David Tiller (born 30 May 1958) is a former Australian rules footballer in the South Australian National Football League (SANFL), playing for the North Adelaide Football Club.

Recruited from the Risdon Football Club in the Spencer Gulf Football League, Tiller made his SANFL debut in 1977. In 1984 he was appointed captain of the North Adelaide Football Club, and captained the club from 1984 to 1986.

He played in the North Adelaide premiership team of 1987, and was vice-captain of the club that year.

Tiller won the club's best and fairest award in both 1981 and 1984, and was awarded life membership at North Adelaide in 1986.

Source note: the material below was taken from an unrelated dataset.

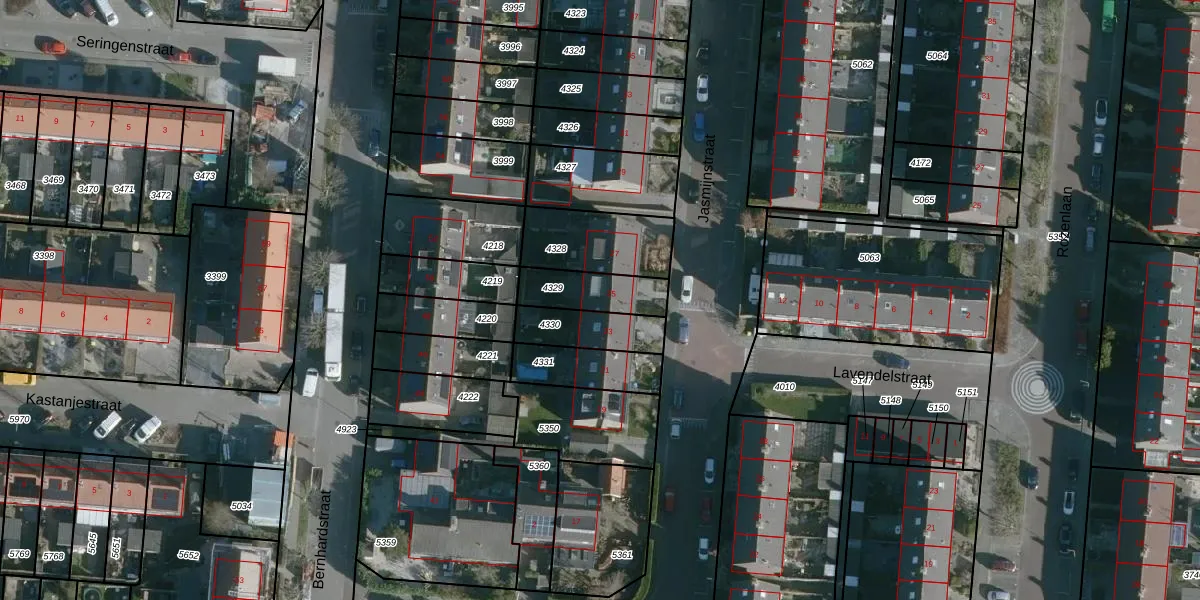 Het perceel waarop Jasmijnstraat 25 staat heeft een oppervlakte van 161 m². Dit is een middelgroot perceel. De perceeloppervlakte wordt geregistreerd door het Kadaster. Gedetailleerde informatie over de maten van dit perceel kunt u vinden in het rapport Kadastrale kaart met maatvoering van Jasmijnstraat 25.

Tiller coached the North Adelaide Under-17s team to a premiership in 2005, and coached the South Adelaide Under-17s team for two years. He coached North Adelaide Under 16s from 2009 until 2016 for premierships in 2010, 2011 and 2013. In 1993 he was playing coach of the Broadview Football Club's premiership team in A1 Amateur League. He is also a long-serving physical education and geography teacher at Westminster School in Adelaide.

During his time with the Roosters, Tiller was regarded as having one of the longest kicks in the league. He was inducted into The North Adelaide Football Club Hall Of Fame on 11 November 2017.